▸ **GIVEN ENTRIES**:

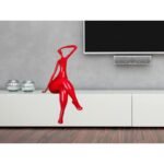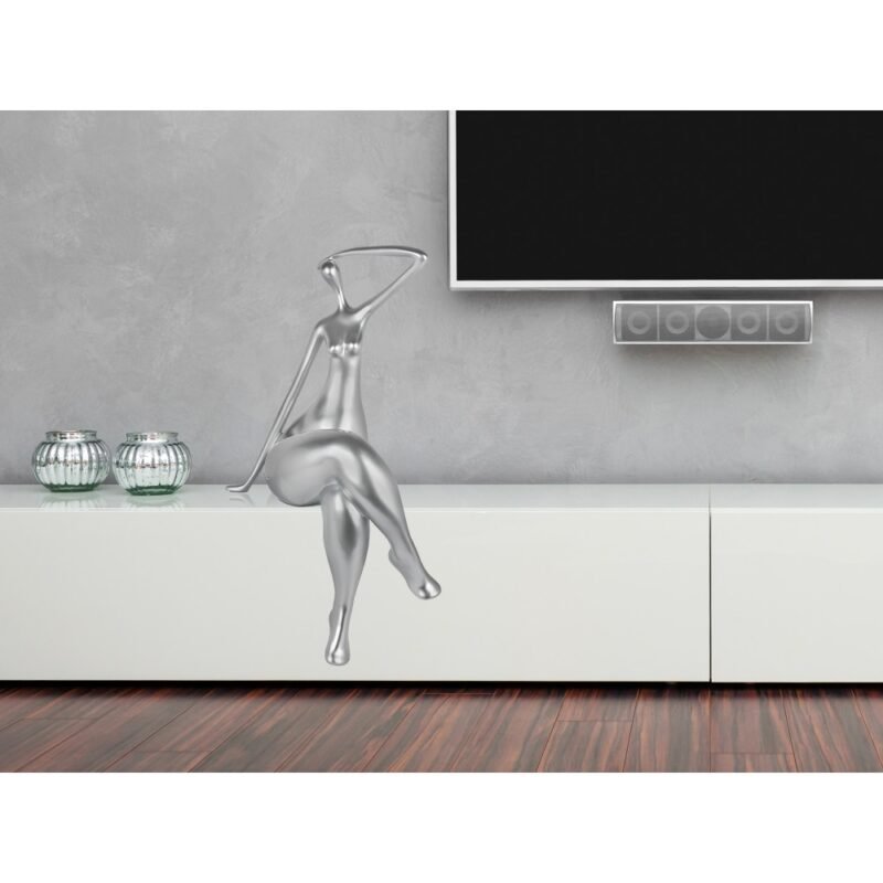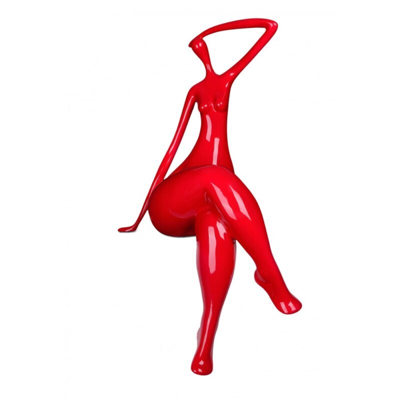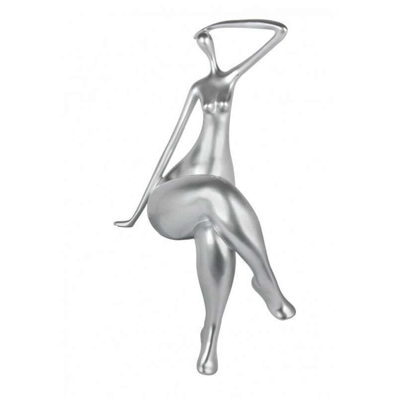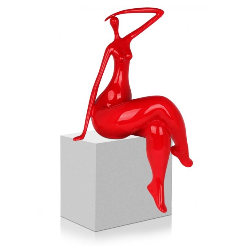 Die Skulptur zeigt eine weibliche Figur in wartender Pose und ist aus lackiertem Kunstharz handgefertigt. Die Frau sitzt mit übereinandergeschlagenen Beinen, ein Arm stützt sich auf dem Boden ab, während der andere Arm mit angewinkeltem Ellbogen über dem Kopf liegt und die Hand am Hinterkopf ruht.
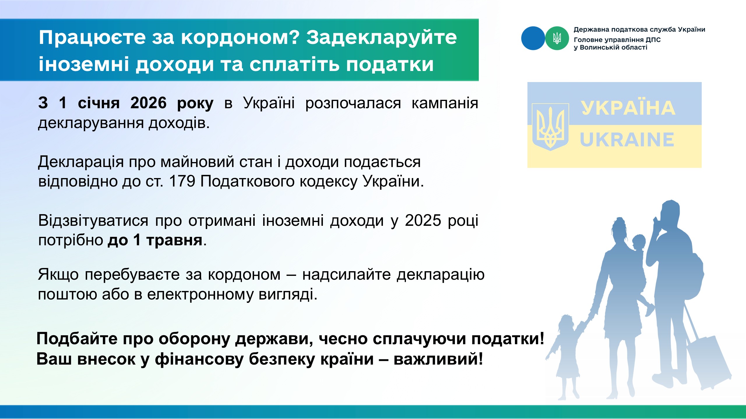 З 1 січня 2026 року в Україні розпочалася кампанія декларування доходів. Декларація про майновий стан і доходи подається відповідно до ст. 179 Податкового кодексу України.
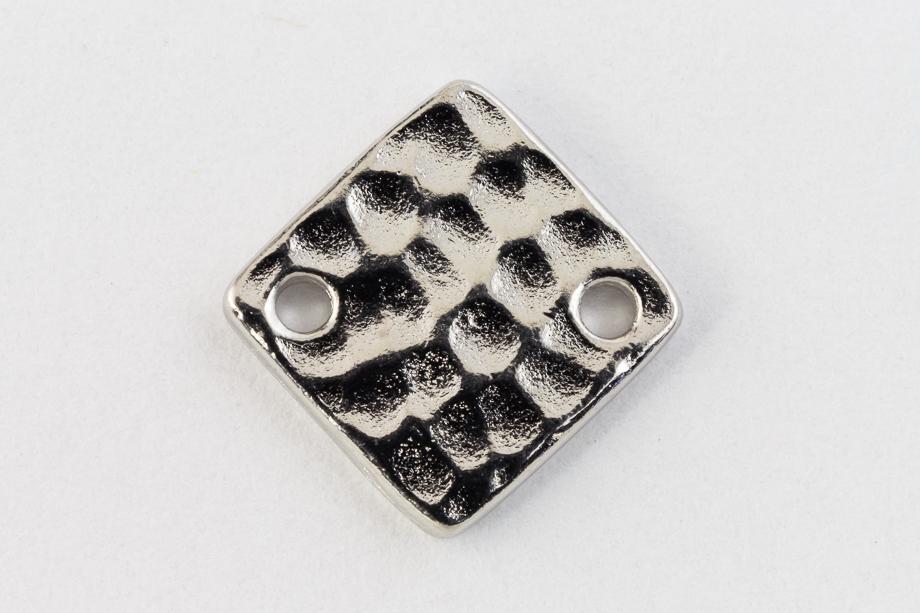 12.1mm flat square with hammered texture and hole on opposite corners.
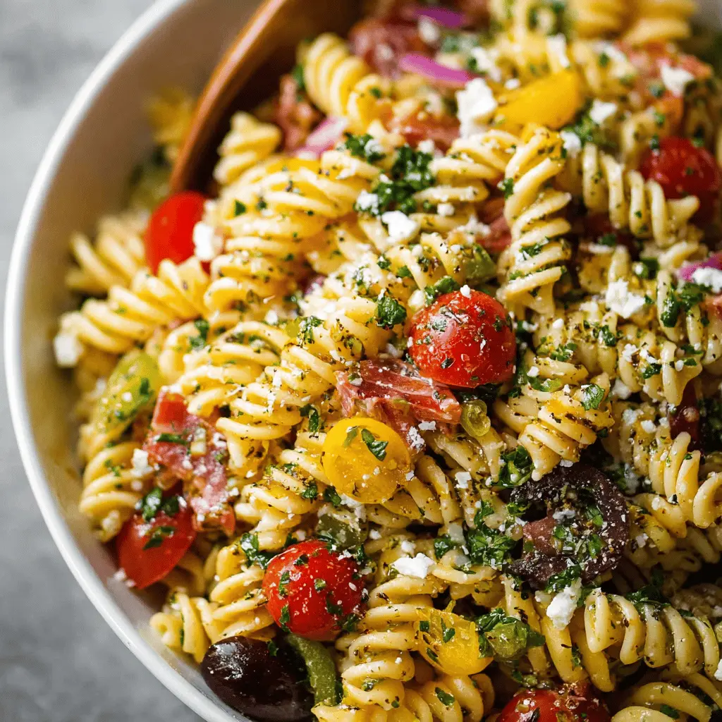 Remember, the key to a great pasta salad is allowing it to marinate in the fridge for at least an hour before serving. This waiting period works wonders, letting the flavors meld beautifully! Enjoy your summer gatherings with this refreshing dish!
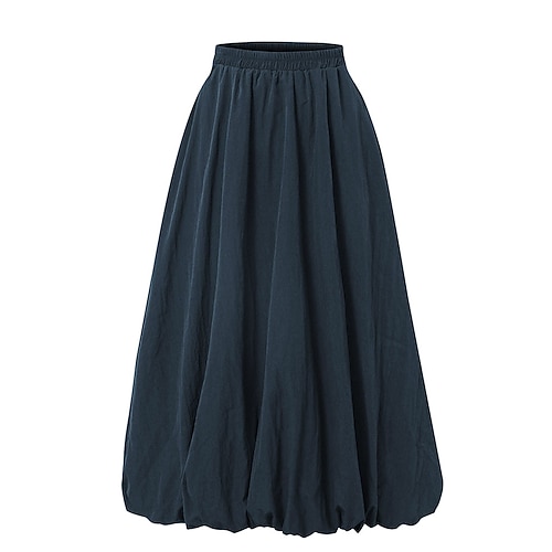 Per donna Gonna Moda Casual Midi Vita media Gonne Semplice Arricciato Tasca Micro-elastico Quotidiano Streetwear blu navy Bianco Rosa Vino Estate Nylon Poliestere
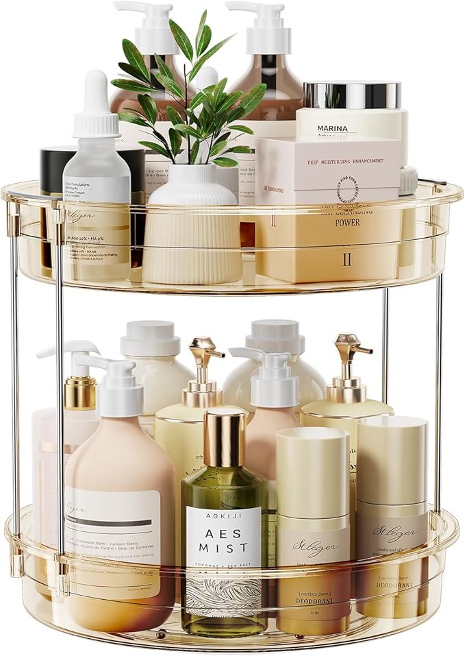 LAMU 12inch 2 Tier Lazy Susan Turntable Organizer Rotating Spice Rack Organization for Cabinet, Kitchen, Pantry, Countertop, Bathroom, Vanity, Medicine Cabinet Organizer, Amber
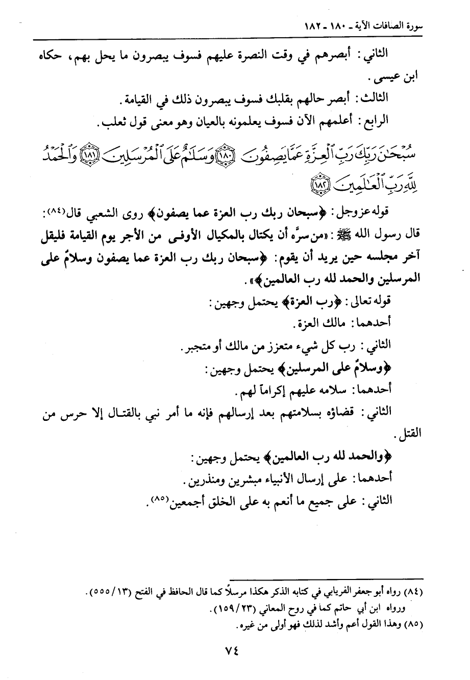{سبحان ربك رب العزة عما يصفون وسلام على المرسلين والحمد لله رب العالمين} قوله عز وجل: {سبحان ربك رب العزة عما يصفون} روى الشعبي قال: قال رسول الله صلى الله عليه وسلم: (من سرَّه أن يكتال بالمكيال الأوفى من الأجر يوم القيامة فليقل آخر مجلسه حين يريد أن يقوم: {سبحان ربك رب العزة عما يصفون وسلامٌ على المرسلين والحمد لله رب العالمين}). قوله تعالى: {رب العزة} يحتمل وجهين: أحدهما: مالك العزة. الثاني: رب كل شيء متعزز من مالك أو متجبر. {وسلامٌ على المرسلين} يحتمل وجهين: أحدهما: سلامه عليهم إكرماً لهم. الثاني: قضاؤه بسلامتهم بعد إرسالهم فإنه ما أمر نبي بالقتال إلا حرس من القتل. {والحمد لله رب العالمين} يحتمل وجهين: أحدهما: على إرسال الأنبياء مبشرين ومنذرين. الثاني: على جميع ما أنعم به على الخلق أجمعين.
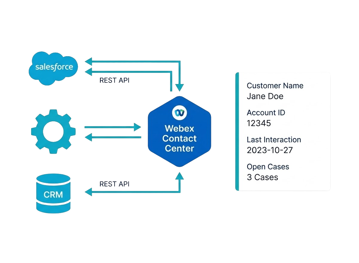 Enterprise contact centers depend on CRM data at the point of agent interaction. Screen pop on inbound contact, interaction history visibility, case creation automation, and post call disposition synchronization are capabilities that require careful configuration during implementation not ad hoc integration after go live.

▸ **THE PROBLEM**: Without any pictures, transcribe the listing above exactly as written.

▸ **WRITTEN REPLY**:
 Die Skulptur zeigt eine weibliche Figur in wartender Pose und ist aus lackiertem Kunstharz handgefertigt. Die Frau sitzt mit übereinandergeschlagenen Beinen, ein Arm stützt sich auf dem Boden ab, während der andere Arm mit angewinkeltem Ellbogen über dem Kopf liegt und die Hand am Hinterkopf ruht.
 З 1 січня 2026 року в Україні розпочалася кампанія декларування доходів. Декларація про майновий стан і доходи подається відповідно до ст. 179 Податкового кодексу України.
 12.1mm flat square with hammered texture and hole on opposite corners.
 Remember, the key to a great pasta salad is allowing it to marinate in the fridge for at least an hour before serving. This waiting period works wonders, letting the flavors meld beautifully! Enjoy your summer gatherings with this refreshing dish!
 Per donna Gonna Moda Casual Midi Vita media Gonne Semplice Arricciato Tasca Micro-elastico Quotidiano Streetwear blu navy Bianco Rosa Vino Estate Nylon Poliestere
 LAMU 12inch 2 Tier Lazy Susan Turntable Organizer Rotating Spice Rack Organization for Cabinet, Kitchen, Pantry, Countertop, Bathroom, Vanity, Medicine Cabinet Organizer, Amber
{سبحان ربك رب العزة عما يصفون وسلام على المرسلين والحمد لله رب العالمين} قوله عز وجل: {سبحان ربك رب العزة عما يصفون} روى الشعبي قال: قال رسول الله صلى الله عليه وسلم: (من سرَّه أن يكتال بالمكيال الأوفى من الأجر يوم القيامة فليقل آخر مجلسه حين يريد أن يقوم: {سبحان ربك رب العزة عما يصفون وسلامٌ على المرسلين والحمد لله رب العالمين}). قوله تعالى: {رب العزة} يحتمل وجهين: أحدهما: مالك العزة. الثاني: رب كل شيء متعزز من مالك أو متجبر. {وسلامٌ على المرسلين} يحتمل وجهين: أحدهما: سلامه عليهم إكرماً لهم. الثاني: قضاؤه بسلامتهم بعد إرسالهم فإنه ما أمر نبي بالقتال إلا حرس من القتل. {والحمد لله رب العالمين} يحتمل وجهين: أحدهما: على إرسال الأنبياء مبشرين ومنذرين. الثاني: على جميع ما أنعم به على الخلق أجمعين.
 Enterprise contact centers depend on CRM data at the point of agent interaction. Screen pop on inbound contact, interaction history visibility, case creation automation, and post call disposition synchronization are capabilities that require careful configuration during implementation not ad hoc integration after go live.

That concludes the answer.